### Exercise details
The data must be given again exactly as written, with all images omitted.
===== Information shown
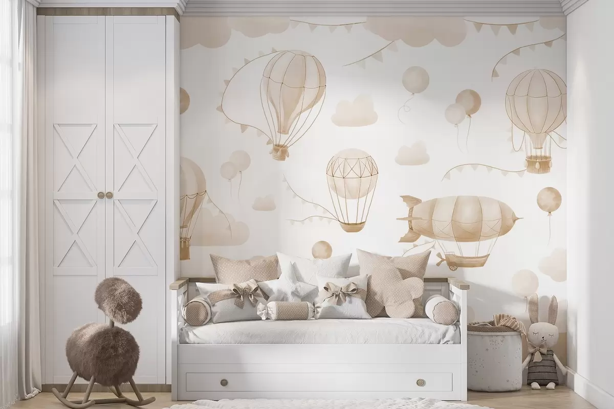 Murais de parede Desenho de aguarela para crianças com balões Nr. w08765v4
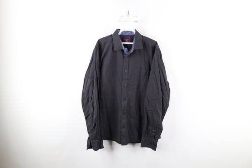 Untuckit Mens Large Slim Fit Faded Flower Flip Cuff Collared Button Shirt Black
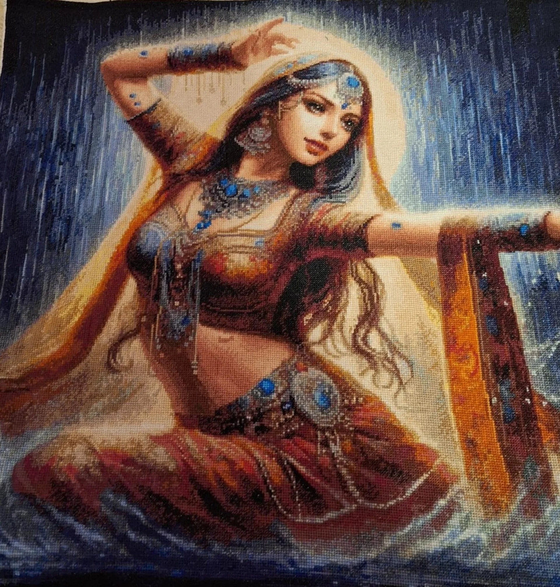 Комплектът на фирма Fantastic-R съдържа панама с игла, черно-бяла схема размер А4 и комплект конци готови за бродиране.
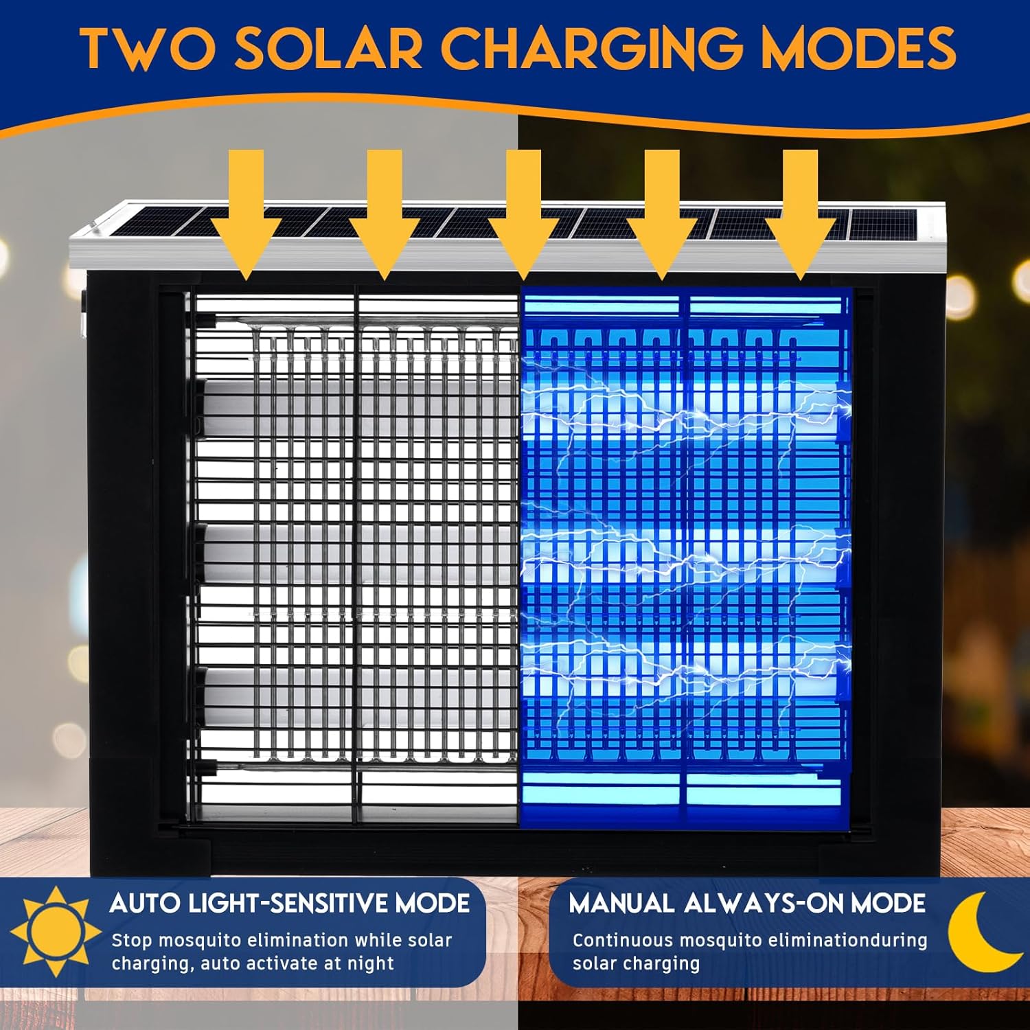 - Easy to Use and Low Maintenance: the solar powered mosquito zapper operates with ease and minimal maintenance; It includes 2 grounding brackets, allowing for easy installation in grassy areas; Alternatively, it can be hung from any hook or placed on a countertop; With its sturdy plastic structure and IPX6 waterproof design, it can endure wind, rain, and prevent rusting, ensuring a longer lifespan
==========
### Solution for this task
 Murais de parede Desenho de aguarela para crianças com balões Nr. w08765v4
 Untuckit Mens Large Slim Fit Faded Flower Flip Cuff Collared Button Shirt Black
 Комплектът на фирма Fantastic-R съдържа панама с игла, черно-бяла схема размер А4 и комплект конци готови за бродиране.
 - Easy to Use and Low Maintenance: the solar powered mosquito zapper operates with ease and minimal maintenance; It includes 2 grounding brackets, allowing for easy installation in grassy areas; Alternatively, it can be hung from any hook or placed on a countertop; With its sturdy plastic structure and IPX6 waterproof design, it can endure wind, rain, and prevent rusting, ensuring a longer lifespan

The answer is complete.